Pas de propositions révolutionnaires

Et pourtant, les politiques destinées à favoriser les transports en commun, le vélo, la marche ou encore le covoiturage sont nombreuses. Mais elles sont menées « sans vision systémique pour le territoire. Si on pense les systèmes séparément, il y a forcément des ruptures. Et quand il y a des ruptures, on prend sa voiture », résume Tom Dubois, pilote du projet et porte-parole du Forum vies mobiles. Comment procéder pour que la voiture ne soit plus la seule option ? Les propositions de l’étude ne sont pas en elles-mêmes révolutionnaires : davantage de pistes cyclables, de trains de proximité, des cars et des bus cadencés pour que « 80 % des habitants résidant hors agglomération [soient] desservis par un transport collectif à moins de 2 kilomètres de leur domicile ». « En réalité, tout ce qui est proposé [dans le rapport] existe déjà par petits bouts, mais jamais organisé de manière systémique, ni globale. »

 

Le « système alternatif de mobilités » imaginé et chiffré par le Forum vies mobiles s’inspire à la fois du cadencement des transports en commun suisses et de la politique cyclable néerlandaise. Pourtant, dans ces deux pays, 70 % des déplacements se font encore en voiture. « Dix points de moins qu’en France, c’est déjà beaucoup, mais c’est toujours insuffisant. Pour aller plus loin, il faut prendre de la place à la voiture », estime Mme Landriève.

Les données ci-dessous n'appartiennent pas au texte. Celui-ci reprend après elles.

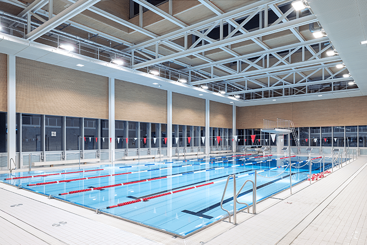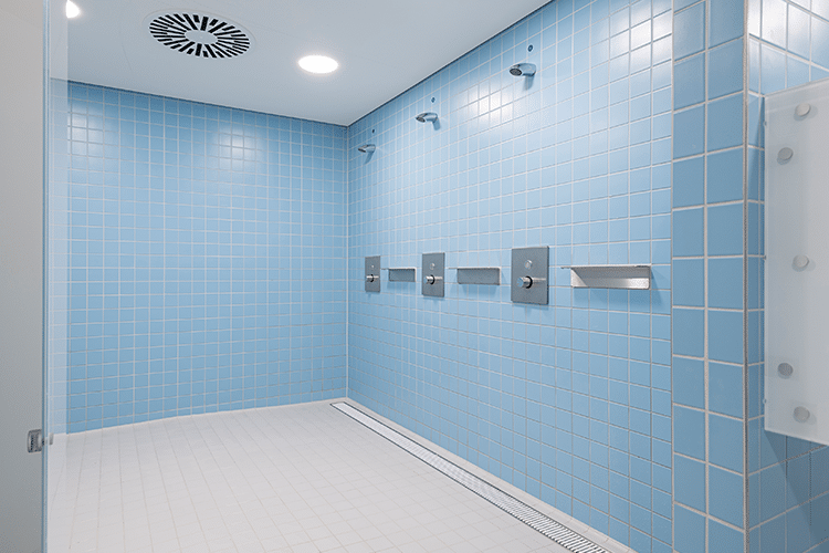 Die Entwässerungstechnologie in diesem Hightech-Gebäude stammt hauptsächlich von ACO Haustechnik. Dies umfasst die Dachentwässerung und individuell gefertigte Entwässerungsrinnen, einschließlich Bodenabläufen und Rollrosten für die Schwimmbecken und Duschbereiche. An das Produkt Entwässerungsrinne bestand in erster Linie die Anforderung, der Beanspruchung durch Chlor standzuhalten. Darüber hinaus ist es wichtig, dass sie das Schleppwasser sicher im Laufbereich aufnehmen und damit zur Unfallvorbeugung beitragen können. Dank seiner Material- und Verarbeitungsqualität (Montage/Verschweißung) fiel die Produktentscheidung zugunsten der ACO Kastenrinnen HF-S aus korrosionsbeständigem Edelstahl 1.4571 in der Qualität V4A mit NKH-Profil (ein 50 mm breiter besandeter Flansch, optimal für den Anschluss der Abdichtung im Verbund unterhalb Fliesen).

Avec 1 million de kilomètres de routes, la voiture est à son aise sur le territoire français. Les auteurs de l’étude suggèrent d’en rendre 23 % aux transports en commun et d’en réserver 20 % aux mobilités douces. Ce seraient donc 43 % de « routes déclassées » qui seraient interdites à la circulation automobile, à l’exception des riverains.

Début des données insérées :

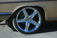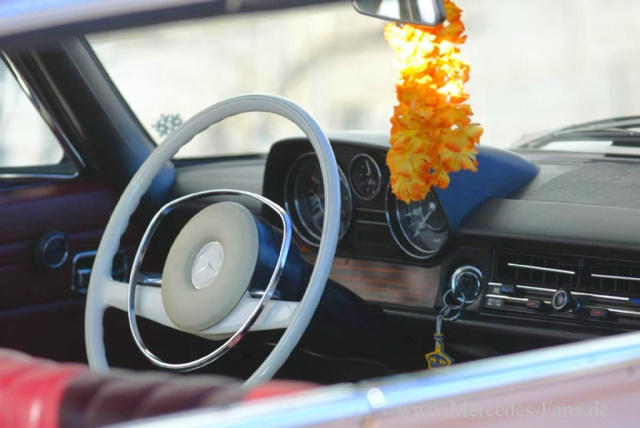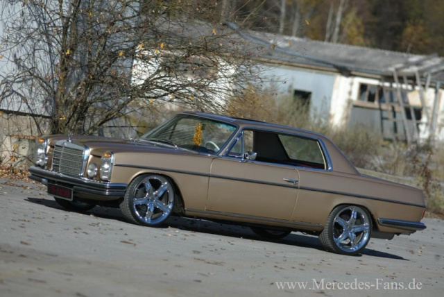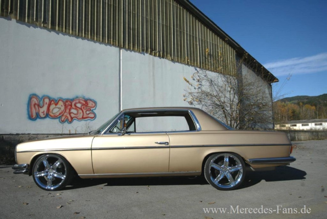 Vielen gefällt die Optik mit den großen Rädern. Wenn der Mercedes irgendwo steht, nähert sogleich der Eine oder Andere, um sich den W114 genauer anzusehen. Der Mercedes fällt eben auf. Dazu trägt sicherlich auch das goldene Finish bei. Es gab noch nirgends eine negative Kritik zum Fahrzeug. Von älteren Herrschaften höre ich mal ab und zu, dass die Räder nicht draufpassen würden, aber für den Mercedes selbst gibt es stets nur Lob."

« Il ne s’agit pas d’une utopie »

Pour crédibiliser ces propositions, qui sans nul doute seront accusées d’être irréalistes, le Forum vies mobiles a fait appel à deux bureaux d’études, Vizea et BL Evolution, qui ont calqué les grands principes du « système alternatif de mobilités »sur la réalité de sept départements choisis pour être représentatifs de l’ensemble du territoire. Cette simulation permet de donner une estimation du coût.

 

Contrairement à de nombreux projets liés aux transports, les coûts d’investissement sont relativement limités étant donné les ambitions du système ainsi présenté. Il n’est pas question de grands travaux, mais de réaffectation d’infrastructures existante à d’autres usages. Ainsi, les pouvoirs publics devraient investir 177 milliards d’euros auxquels il faudrait ajouter 55 milliards d’euros de fonctionnement par an.

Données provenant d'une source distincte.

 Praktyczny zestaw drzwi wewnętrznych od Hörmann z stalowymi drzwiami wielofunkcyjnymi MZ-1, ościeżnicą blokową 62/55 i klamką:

En ces temps de fortes tensions budgétaires, il est probable que le projet fasse tousser Bercy. Mme Landriève l’estime pourtant « tout à fait raisonnable, comparé au coût du “système voiture”, estimé à plus de 300 milliards d’euros annuels pour les Français ». « Il ne s’agit pas d’une utopie, mais d’un scénario concret, conçu à partir des réalités territoriales, et prêt à être expérimenté », conclut le rapport.